Perl syntax is what most programming languages, like Java, JavaScript, Python, lean on.

I pushed my boilerplate-code to github.

Social side

– The Story behind

This morning I thought about why documents are still simulations of paper and it was funny so see that I got a post: “The Flawed History of Graphical User Interfaces” on the same vein. As Amazon came up with their Kindle, I was hoping that they would release good software that deals with text, but instead they just brought up a yet another ebook-format.

dilbert

Software-Development is time consuming, that makes it expensive. As example data wrangling, sometimes referred to as data munging, can be very tedious and especially when reverse engineering is involved. XML and XLST did’t make it as “one-size fits all” software for text conversion.

I started writing a more complex article on Document-Formats and Data-Munging, you gotta wait for it - if you are interested.

One can either focus on driving a business or munching data, if you get paid for data munching and you are happy with that, that is perfect. But, since big-money dictates what will gonna be developed and what will not (linux as a rule exception, who would invest in something that starts being profitable after 30 years?) we are often stepping on a spot. I assume you read the article above, so I continue the dialog.

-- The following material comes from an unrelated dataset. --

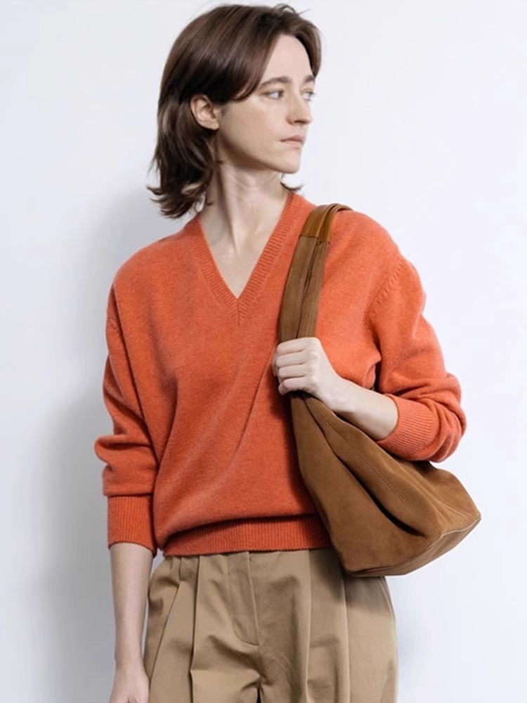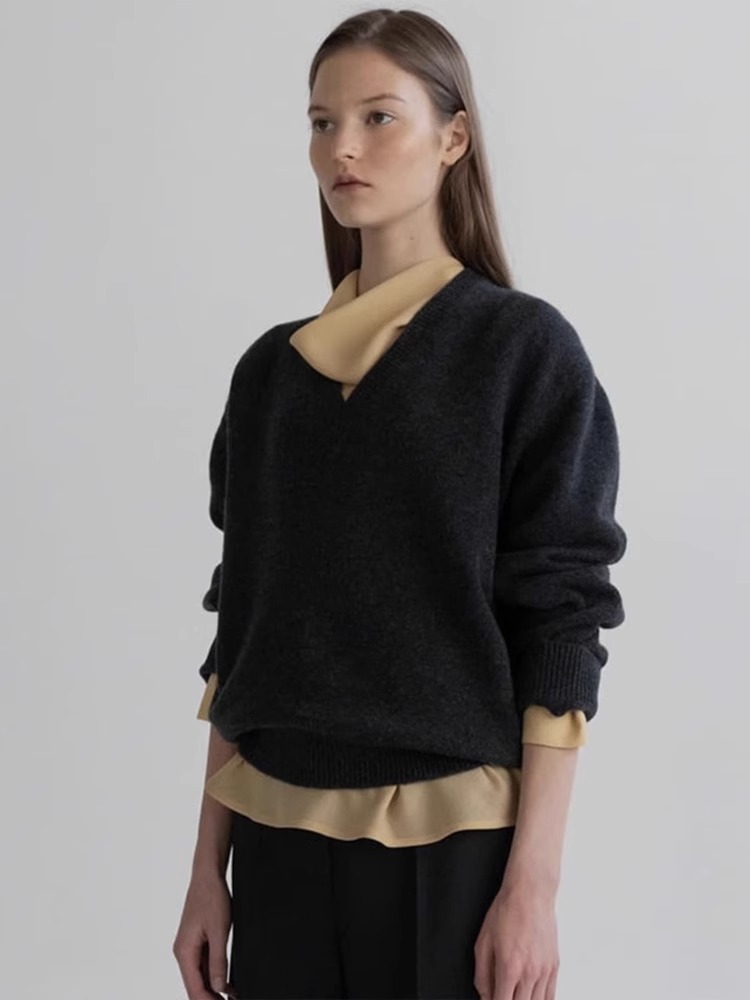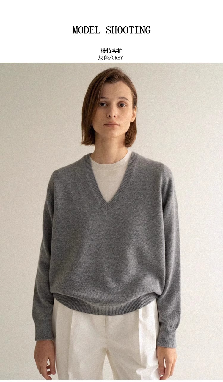 MO * NDAL женский трикотаж с v-образным вырезом, весна-осень 2022, новый стиль, ленивый стиль, серый шерстяной трикотаж для женщин

Big-money is impatient and wants a lot fast-money, nowadays more than ever, that is why we have leverages and options on the shareholder market. While talking of big-money, Stakeholders are involved - those are the people that can drive a direction in a company and sometimes world-wide and often they have a great sense for driving a successful business - successful in terms of profit, unfortunately those persons are either WIMP (windows, icons, menus, pointer) - Users of the past decades, wearing/using tech-devices as status symbol or aren’t IT-affine at all. So how could they know how to make progress in Software-Developing beside taking a look on development-speed?

The chain of trust

They can’t, except they have good technical directors they trust in, those must have good senior developers or team-leaders and those must have a good team, too; good communication and with good I mean an open and honest mind exchange - and against all efforts, that chain of trust is the absolute exception.

One could argue that we have great IT-Technology out there - yes we do, but I haven’t seen big technology moves in the past 30 years. No, I am not living in a cave - no matter what technology that is currently availavle, most patents ideas originate back to before 1980. Touch-pads, Voice-Recognition, Character-Recognition, Image-Recognition, VR-Glasses, Motion-Capture-Devices, Chroma-Keying, Position-Tracking, so called Artificial Intelligence - you name it. None of those ideas is younger than me.

xkcd.com/1425/

And that is a very optimistic wrong assumption, 50 years and still going on in image or character recognition.

And all those tiny, tiny baby steps of progression are real, despite the fact we are using gigantic armies of engineers with the best qualifications and all the “new” and “modern” networked technologies.

Dealing with RegEx is most often no fun at all, especially if one has to deal with all the syntax and implementation differences and details in different tools and programming languages, or if you abuse RegEx instead of using a proper algorithm - but if one wants progress, one has to understand what and why has be done before. Maybe one day we may have easier, more common text-wrangling API’s.

That is the reason why I deal with Regular expressions, to make software development better and way more enjoyable - better software for better living.